TITLE: Binti: The Complete Trilogy
AUTHOR: Nnedi Okorafor
SERIES: #1 Binti; #2 Home; #3 The Night Masquerade
RELEASED: February 5th, 2019; DAW Books
AGE RANGE: Adult
Binti only wants one thing: to further her search for knowledge by attending the prestigious Oomza University, an off-planet school who’s offered her the first invitation ever extended to a person of her people, the Himba. During her journey to Oomza U, however, her ship is attacked by a group called the Meduse. An unexpected friendship forms with one of the jellyfish-like creatures named Okwu, and it opens Binti’s eyes to a whole world of conflict and brewing war that only she has the hope of stopping.
They say that when faced with a fight you cannot win, you can never predict what you will do next. But I’d always known I’d fight until I was killed.

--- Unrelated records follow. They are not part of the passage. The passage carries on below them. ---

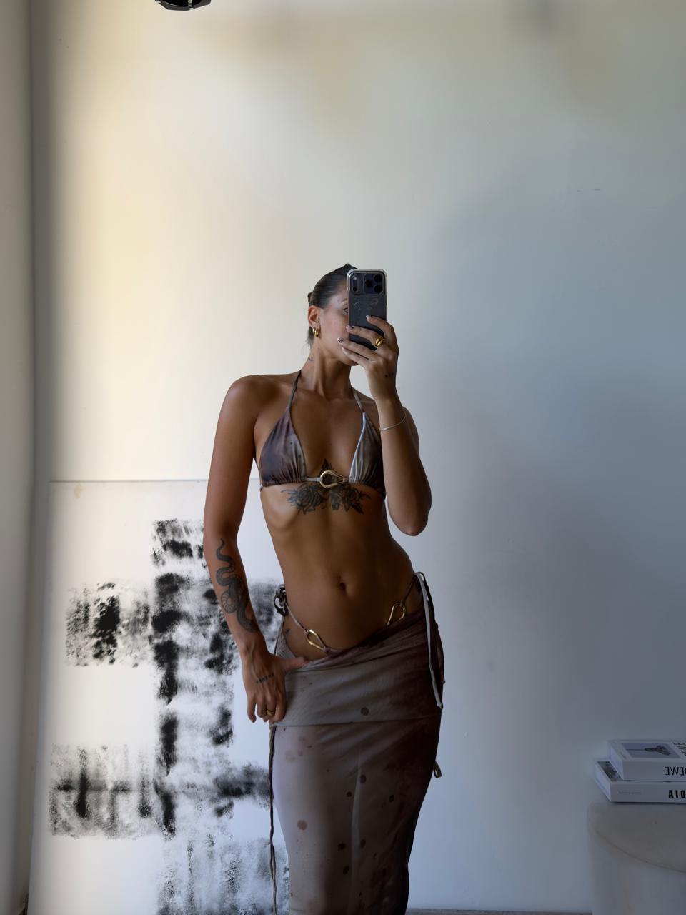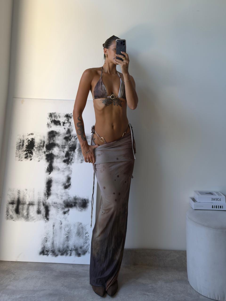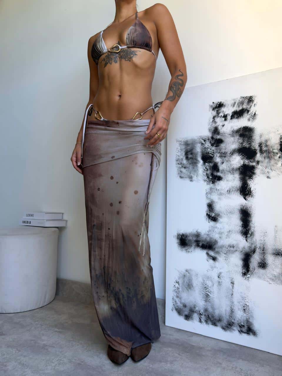 Set de bikini con avio y pollera de tul. Talle unico (S al L aproximadamente).
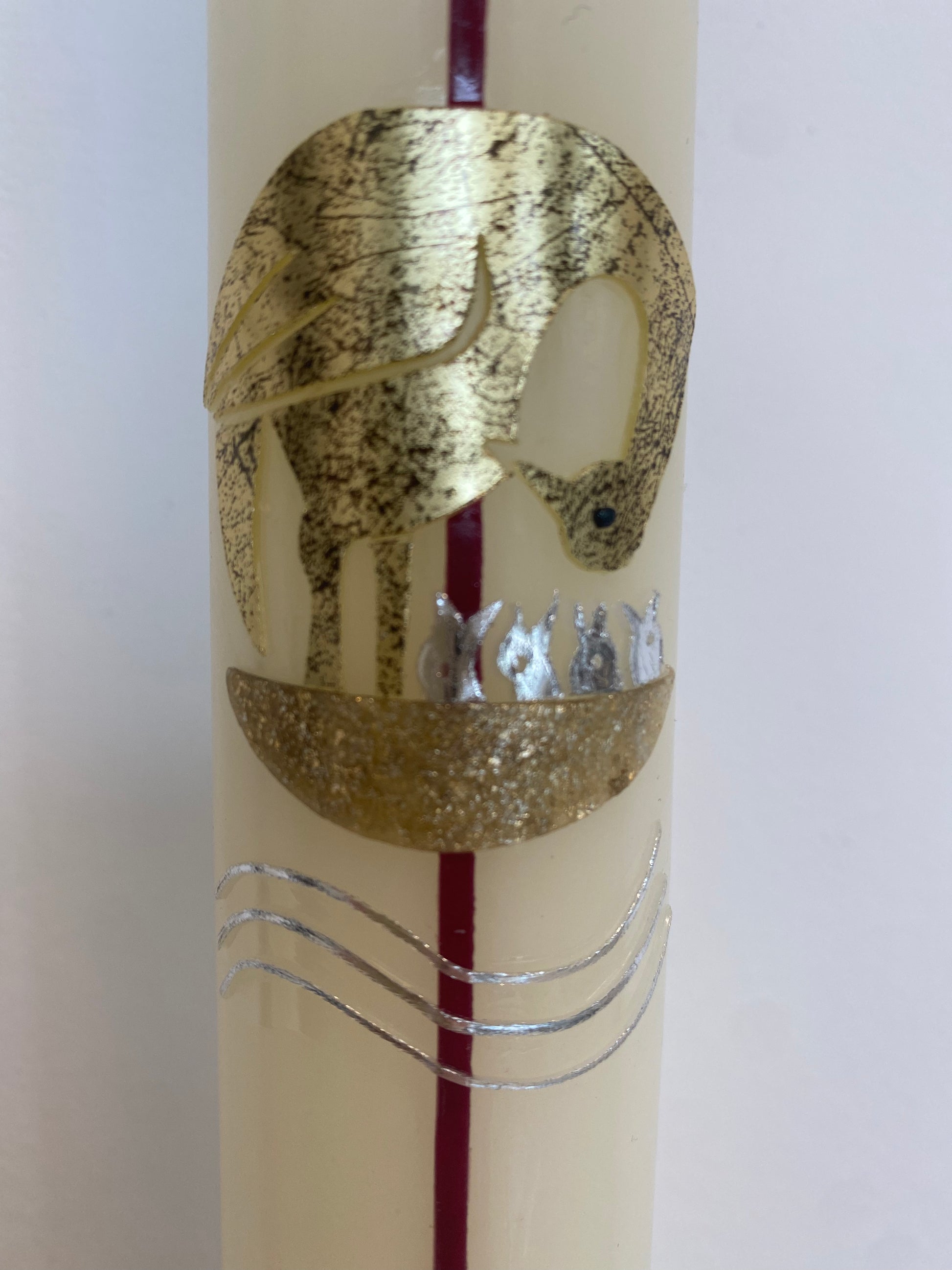 Das Taufwasser hat seinen Ursprung im Blut und Wasser der geöffneten Seite Jesu und schenkt uns Teilnahme an seinem Leben. Daran will das Pelikan-Motiv auf der Taufkerze besonders erinnern.
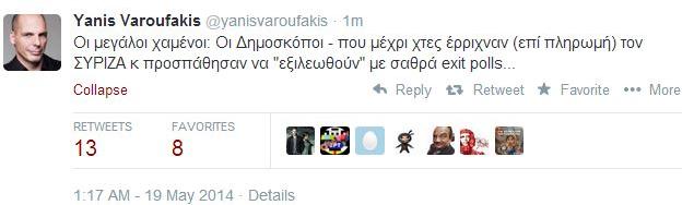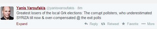 Σύμφωνα με τον Γιάννη Βαρουφάκη, όπως έγραψε στα αγγλικά του στον προσωπικό του λογαριασμό στο Twitter, οι μεγάλοι ηττημένοι των αυτοδιοικητικών εκλογών είναι «οι δημοσκόποι».
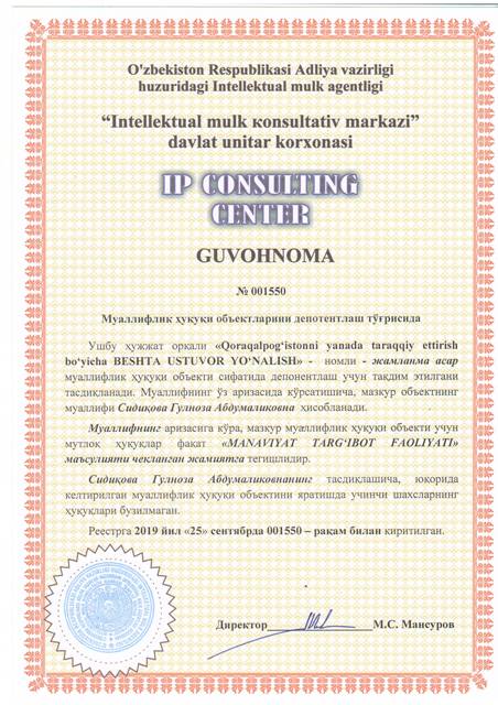 | 8638 | №001550 | Жамланма асар - "Qoraqalpog‘istonni yanada taraqqiy ettirish bo‘yicha BESHTA USTUVOR YO‘NALISH" | Сидиқова Гулноза Абдумаликовна | "MANAVIYAT TARG‘IBOT FAOLIYAT" МЧЖ | 09/25/2019 | ![]() |
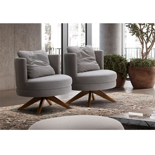 Poltrona Angle-Serra Gaúcha Estofados, com base giratória em aço carbono ou madeira.
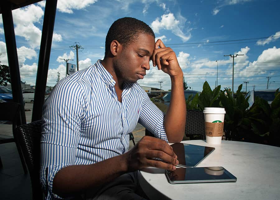 Above: Kheston Walkins considers his Communicare software. Photo by Mark Lyndersay. Click to enlarge images.
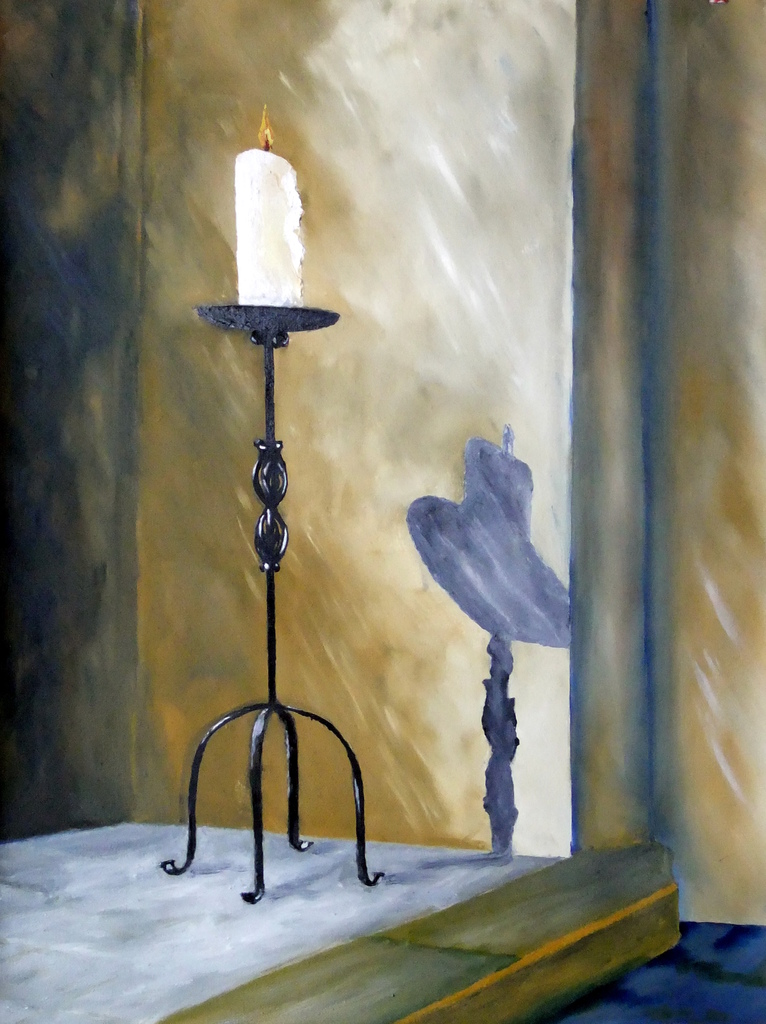 Een moment van zonlicht laat een schaduw van deze kandelaar schijnen
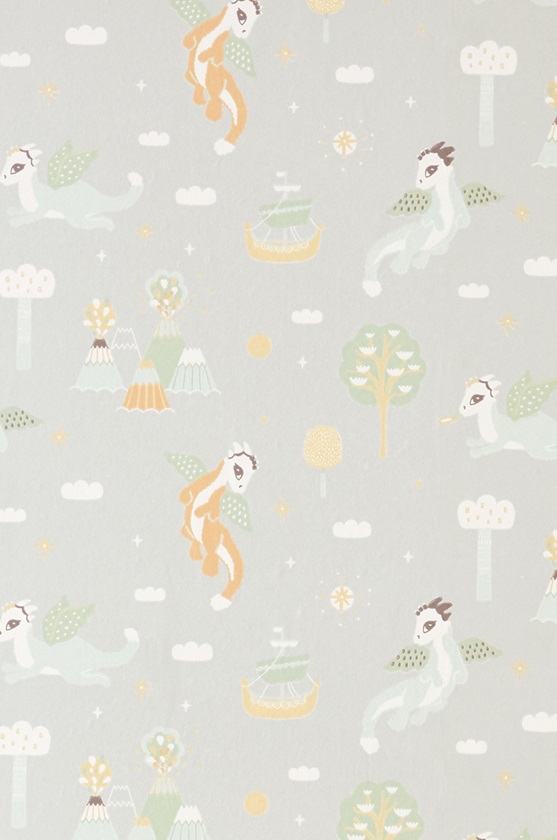 Majvillan, tapet till barnrummet Magical adventure, soft grey
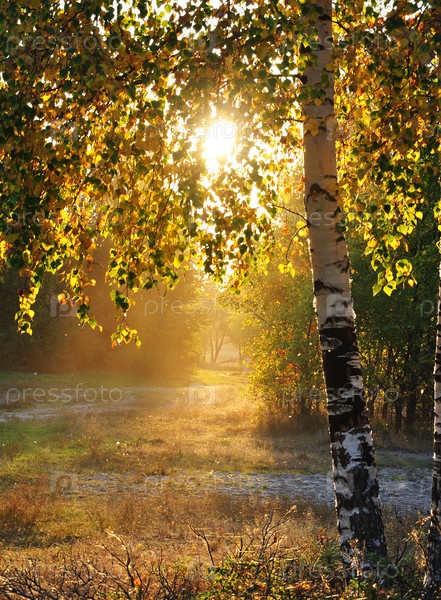 Солнечный свет в осеннем лесу Берёзная роща в осенних цветах
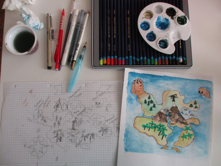 Večer před spaním jsem si načrtla plán ostrova na čtverečkový papír tužkou a druhý den jsem nápad přenesla na nějakou letitou dětskou čtvrtku - mimochodem tragickou (gumování bylo hned vidět, rozmytí to kroutilo... jak můžou nebohý děti ve škole kreslit vodovkama nechápu)
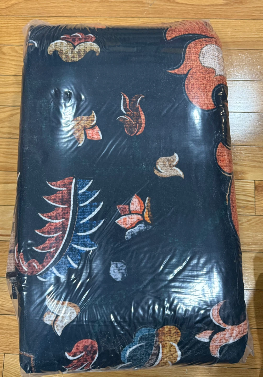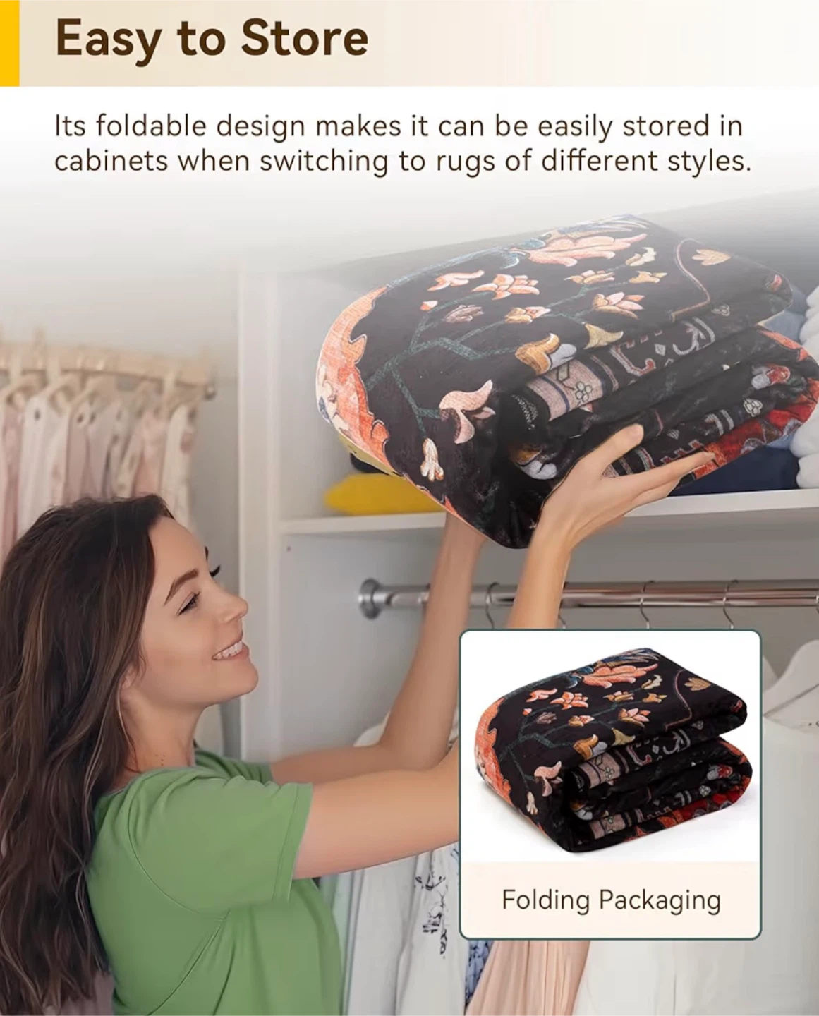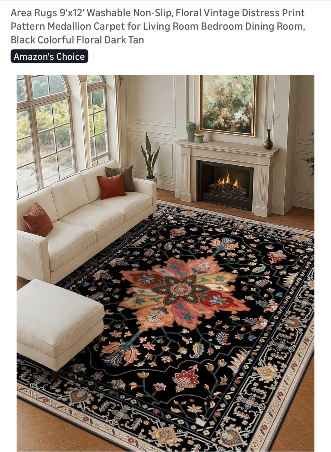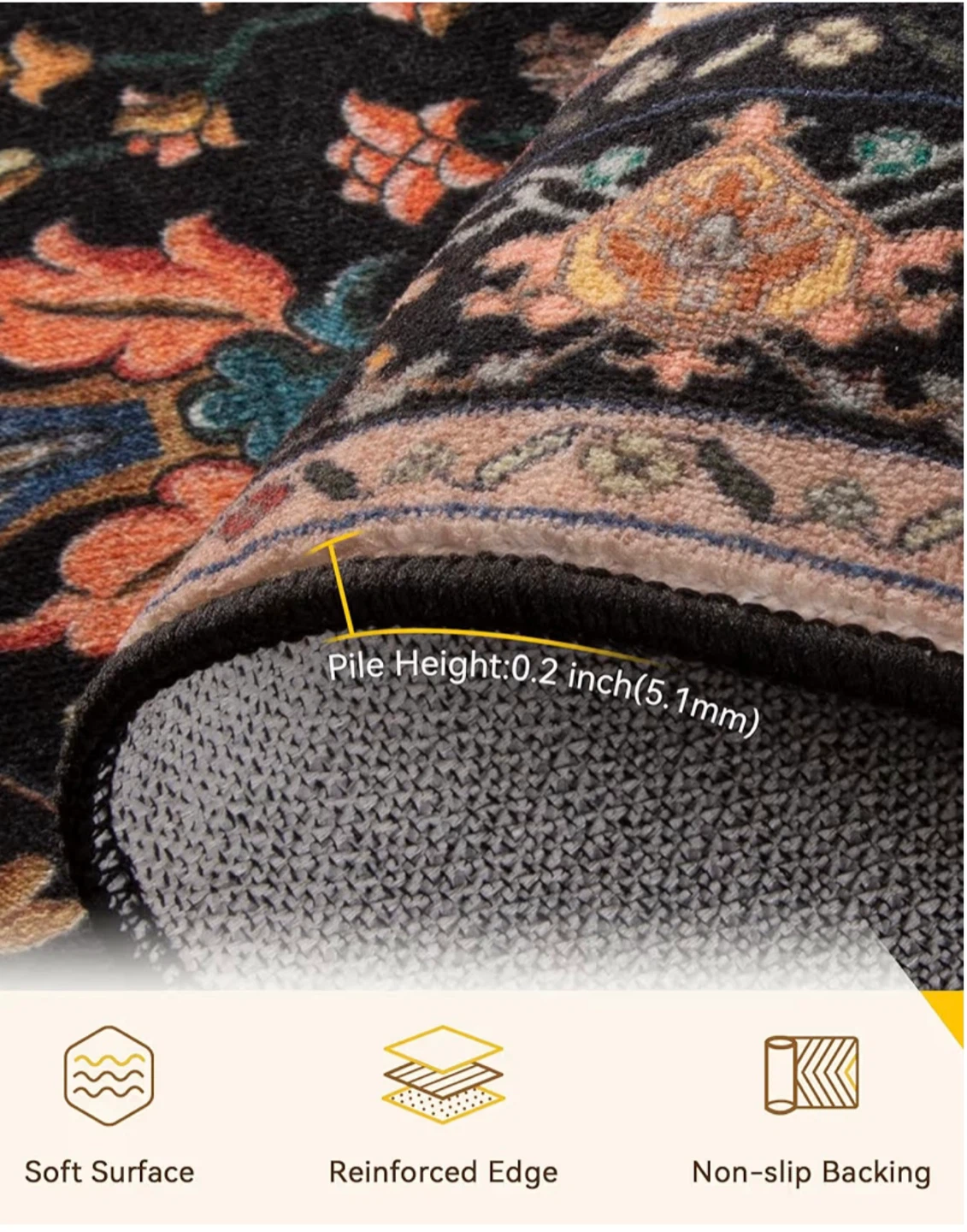 This washable area rug features a vintage floral medallion print. It's designed with a soft surface, reinforced edge, and non-slip backing for safety. The pile height is 0.2 inches. 9x12 Apparently new

I’ve been meaning to pick up these novellas for ages, so I was really excited to get the opportunity to review the entire trilogy now that it’s been released in a bind-up. This is a series that starts off really strong—enough so that I’d say the first book, Binti, is one of the most enjoyable novellas I’ve ever read, as well as one of my favorite adult sci-fi reads ever.
While the first novella lacks a bit in world-building, it more than makes up for that absence with character development. I loved Binti as a character and really treasured her thirst for knowledge and her bravery despite all of the immense obstacles trying to hold her back from her future. Okwu, on the other hand, I had mixed feelings about at first, but quickly came to treasure as a character despite the rocky nature of their meeting.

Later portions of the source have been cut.